- Developer: Apache Software Foundation
- Stable release: 1.4.0 / August 6, 2014; 11 years ago
- Type: remote procedure call framework
- License: Apache License 2.0
- Website: etch.apache.org
- Repository: svn.apache.org/repos/asf/etch ;

= Etch (protocol) =

Framework for building network services

Etch was an open-source, cross-platform framework for building network services, first announced in May 2008 by Cisco Systems. Etch encompasses a service description language, a compiler, and a number of language bindings. It is intended to supplement SOAP and CORBA as methods of communicating between networked pieces of software, especially where there is an emphasis on portability, transport independence, small size, and high performance. Etch was designed to be incorporated into existing applications and systems, enabling a transition to a service-oriented architecture. It was derived from work on the Cisco Unified Application Environment, the product acquired by Cisco as part of the Metreos acquisition.

==History==
The mid-2008 release was planned to supported Java and C#. A second wave of support was supposed to include Ruby, Python, JavaScript, and C.

In July 2008, Etch was released under the Apache 2.0 license.

As part of the open source process, Etch was submitted to the Apache Incubator to be accepted as a new podling. On August 25, 2008, the formal vote was proposed and was eventually passed.
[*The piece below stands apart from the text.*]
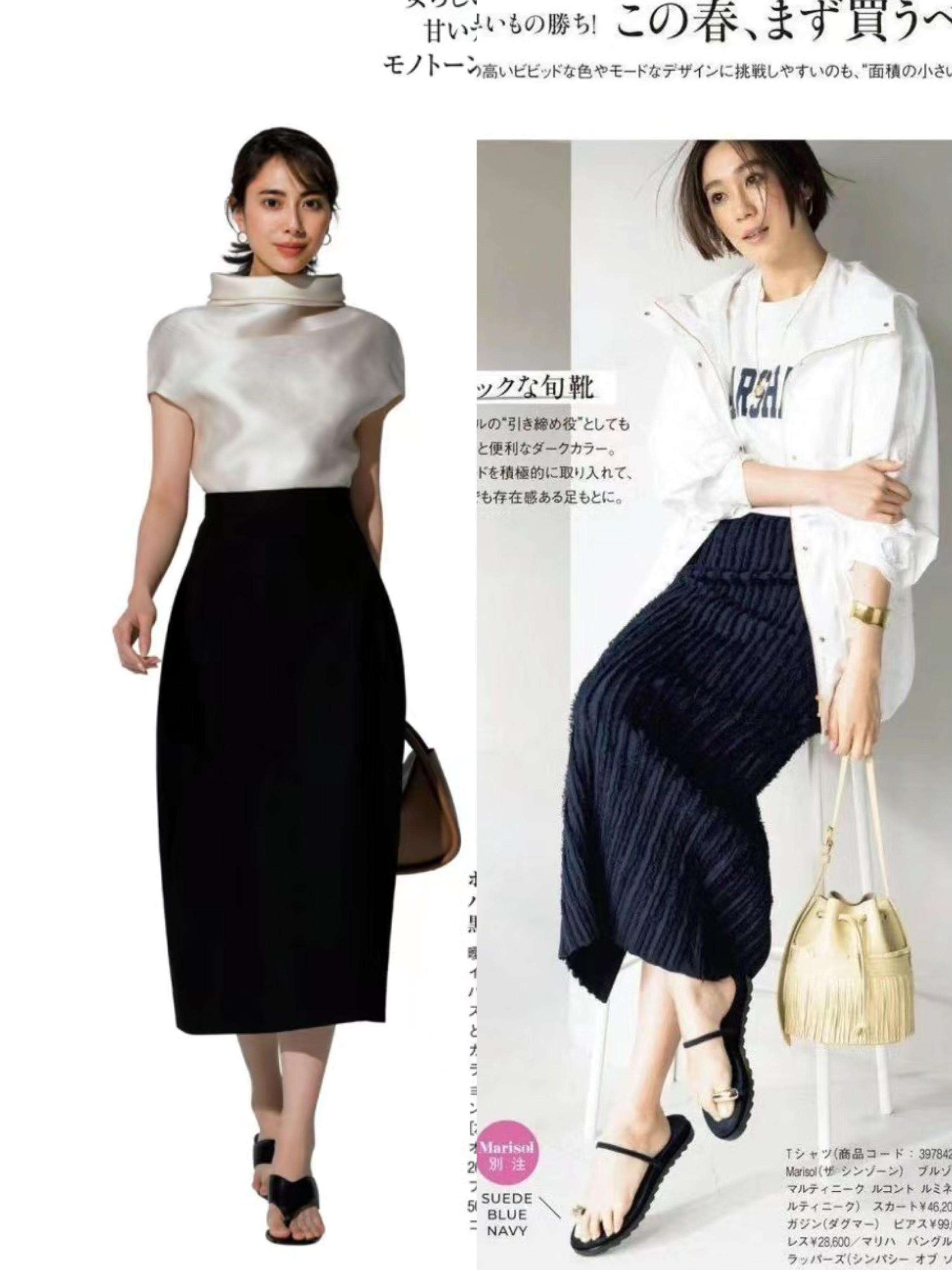 稍微寬鬆的直筒裙,搭配一雙舒適輕便的平底鞋。不僅更加耐看、減齡的效果也不錯。日常的搭配中,直筒半身裙可以配羅馬涼鞋、清新大方又具備了春日的鮮活感。

In September 2008 Etch entered the start-up phase within the Apache Incubator.

Cisco announced the Unified Application Environment had its "end of life" on February 8, 2012.

In January 2013, Etch has become an Apache top-level project.

Etch was marked as a "retired" project in December 2016. No replacement project has been announced or specified.

==See also==
- Google's Protocol Buffers
- Apache Thrift
- ZeroC's Internet Communications Engine (ICE)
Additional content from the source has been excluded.